Fig. 6 – Effective clinical trials need to be unbiased.
With placebos the patient being treated is blind to whether they were treated (or which treatment they received) there remains the issue of bias in the researchers themselves. The 19th century saw an explosion of medical advances – especially in the field of small molecule drugs – which pitted legitimate doctors against hucksters and fraudsters, it was imperative to demonstrate medical outcomes uncorrupted by poor judgment, over-enthusiasm, wishful thinking, and outright fraud.
Blinding, also referred to as masking, is a method to decrease bias in any clinical trial. In single-blind studies, the researchers collecting and assessing the data do not know which group received the experimental treatment until the final results were unblinded. In a double-blind trial the participants are also unaware of which treatment they received.
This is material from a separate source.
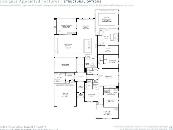 Summer 2025 Move-In: Large Western Canyon Home Site! The Silverado's inviting covered entry and welcoming extended foyer flow past the beautiful dining room into the expansive great room and casual dining area with coffered ceilings, with views to the desirable luxury outdoor living space beyond. The well-equipped gourmet kitchen is highlighted by a large center island with breakfast bar, plenty of counter and cabinet space, and a huge walk-in pantry. The splendid primary bedroom suite is enhanced by a lovely, coffered ceiling, massive walk-in closet, and a deluxe primary bath with a dual-sink vanity, large soaking tub, luxe shower, and private water closet. Central to a generous flex space, the secondary bedrooms feature roomy closets and private full baths. Disclaimer: Photos are images only and should not be relied upon to confirm applicable features.

An additional refinement is randomization; the researchers themselves do not assign which treatment a patient may receive. Typically, patients are assigned treatment by a third party who has no knowledge of the particulars of each patient.
The first double-blind randomized control trial was likely the 1943 Patulin Trial at the height of WWII; the Medical Reseaerch Council (MRC) UK wanted to determine if patulin, an antibiotic extracted from Penicillium patulium, was effective for treating the common cold. As they discovered and as we all now know, antibiotics are ineffective for treating the common cold which is caused by viruses (but are sometimes useful if a secondary bacterial infection establishes itself in a host compromised by a viral infection).
The first widely publicized successful double-blind randomized control trial was for the antibiotic streptomycin for treating pulmonary tuberculosis in 1946, also by the MRC UK. The trial was conducted meticulously; not only were patients truly randomly assigned by a third party coordinator, but the study also relied on objective measures of treatment effectiveness using methods such as chest x-rays that were interpreted by experts who were also unaware of which treatment the patient had received.
Unlike the common cold, tuberculosis is caused by Mycobacteria tuberculosis which is susceptible to some antibiotics.
This trial and another testing the efficacy of immunization against whooping cough created a watershed moment and these models of modern clinical trials have become the standard proof for or against the efficacy of new ways to prevent, detect, treat, or manage diseases and other medical conditions. Since then much more work has been done to improve the practices of conducting clinical trials from stratifying trials into different phases to improve patient safety to ethical considerations on whether, how, and to whom new experimental procedures can be provided.
Types of Clinical Trials
Treatment: tests new drugs, therapies, devices, or surgeries
Prevention: tests new means to prevent disease: medicines, vaccines, lifestyle changes, &c.
Diagnostic: tests new ways to diagnose diseases or conditions
Quality of life: tests new ways of improving the quality of life for people with chronic illnesses
Clinical Trial Phases
Phase I: initial testing of a new drug or treatment on a small group of human subject to evaluate safety, dosage ranges, and identify potential side effects.
Phase II: the therapy is tested on a larger group to determine efficacy.
Phase III: randomized controlled multicentre trials on even larger patient groups to confirm effectiveness.
Phase IV: post-market studies gathering data on whether the drug affects different groups differently, or whether there are any side effects associated with long-term use.